> **AIM OF THE TASK**
Output the lines of the listing below exactly, starting at the line containing "W и Wt Каждый" and stopping after the last line, with any pictures dropped.

> **RECORDS SUPPLIED**

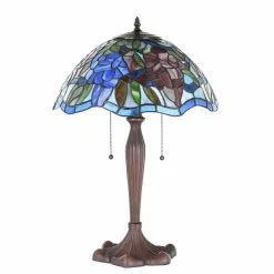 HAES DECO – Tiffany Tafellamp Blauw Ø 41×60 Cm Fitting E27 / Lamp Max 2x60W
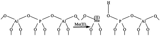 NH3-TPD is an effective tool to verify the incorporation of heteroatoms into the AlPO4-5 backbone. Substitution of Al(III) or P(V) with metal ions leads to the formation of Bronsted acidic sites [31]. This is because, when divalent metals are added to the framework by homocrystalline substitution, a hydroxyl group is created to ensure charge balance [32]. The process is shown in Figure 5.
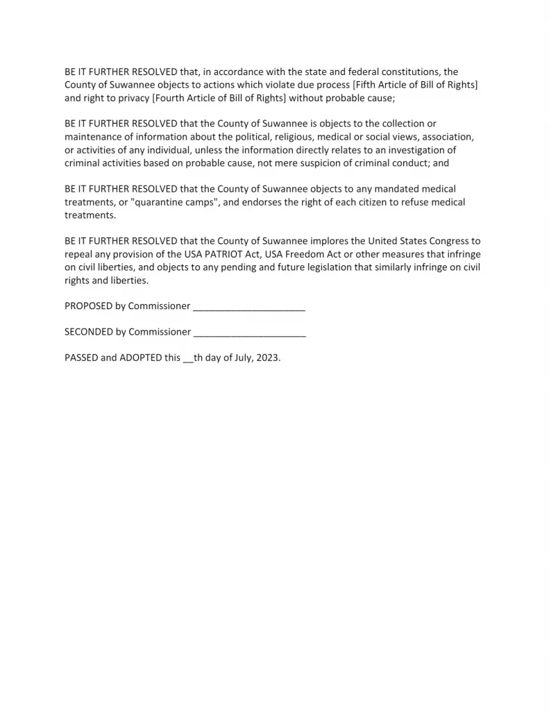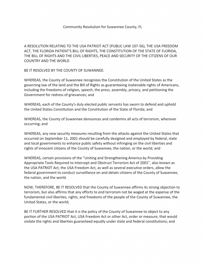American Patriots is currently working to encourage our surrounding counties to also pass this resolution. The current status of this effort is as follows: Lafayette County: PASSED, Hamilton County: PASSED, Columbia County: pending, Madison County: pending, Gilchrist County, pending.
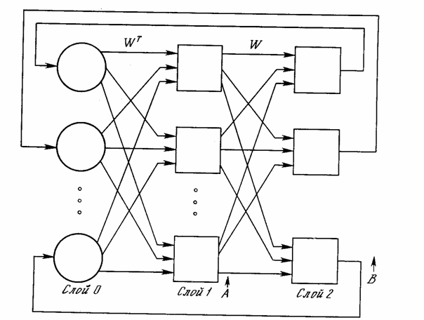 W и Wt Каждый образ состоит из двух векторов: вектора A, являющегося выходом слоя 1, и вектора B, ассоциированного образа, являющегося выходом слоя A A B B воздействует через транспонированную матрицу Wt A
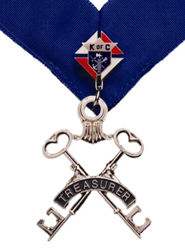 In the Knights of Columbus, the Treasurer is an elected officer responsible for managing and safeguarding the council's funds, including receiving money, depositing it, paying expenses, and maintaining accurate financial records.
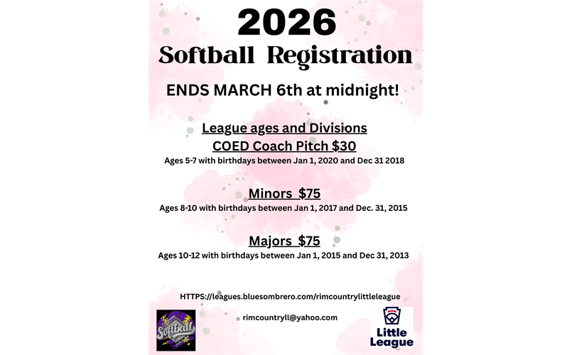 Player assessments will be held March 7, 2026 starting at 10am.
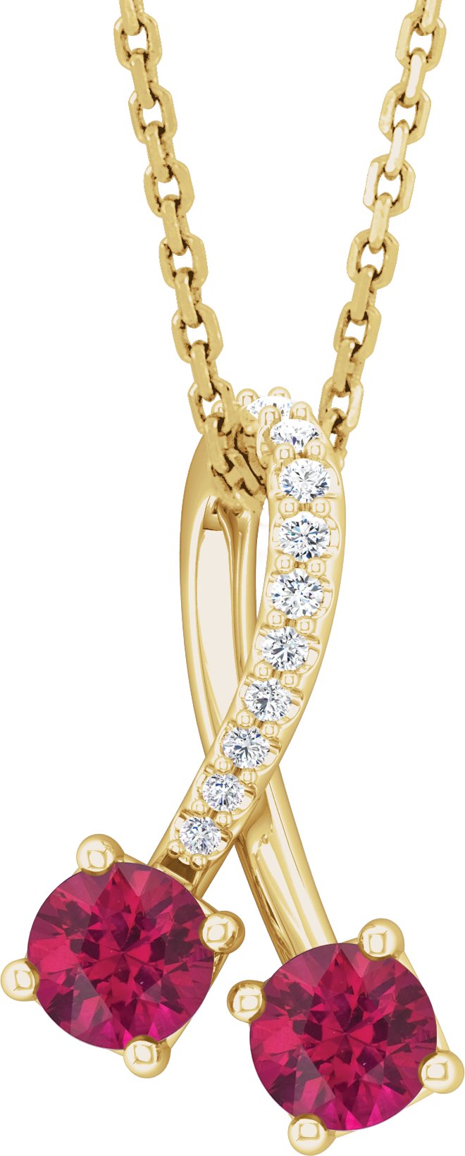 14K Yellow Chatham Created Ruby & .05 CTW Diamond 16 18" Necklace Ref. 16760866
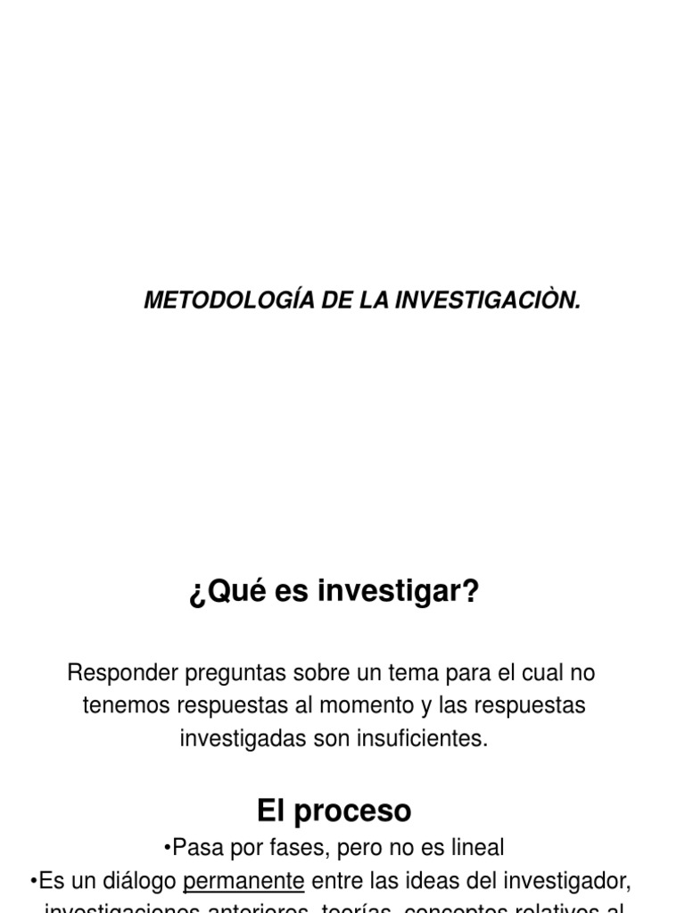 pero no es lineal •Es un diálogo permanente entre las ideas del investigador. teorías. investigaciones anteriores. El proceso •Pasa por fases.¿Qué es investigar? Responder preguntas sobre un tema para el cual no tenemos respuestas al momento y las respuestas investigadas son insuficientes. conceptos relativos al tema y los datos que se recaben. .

> **RESPONSE AREA**
 W и Wt Каждый образ состоит из двух векторов: вектора A, являющегося выходом слоя 1, и вектора B, ассоциированного образа, являющегося выходом слоя A A B B воздействует через транспонированную матрицу Wt A
 In the Knights of Columbus, the Treasurer is an elected officer responsible for managing and safeguarding the council's funds, including receiving money, depositing it, paying expenses, and maintaining accurate financial records.
 Player assessments will be held March 7, 2026 starting at 10am.
 14K Yellow Chatham Created Ruby & .05 CTW Diamond 16 18" Necklace Ref. 16760866
 pero no es lineal •Es un diálogo permanente entre las ideas del investigador. teorías. investigaciones anteriores. El proceso •Pasa por fases.¿Qué es investigar? Responder preguntas sobre un tema para el cual no tenemos respuestas al momento y las respuestas investigadas son insuficientes. conceptos relativos al tema y los datos que se recaben. .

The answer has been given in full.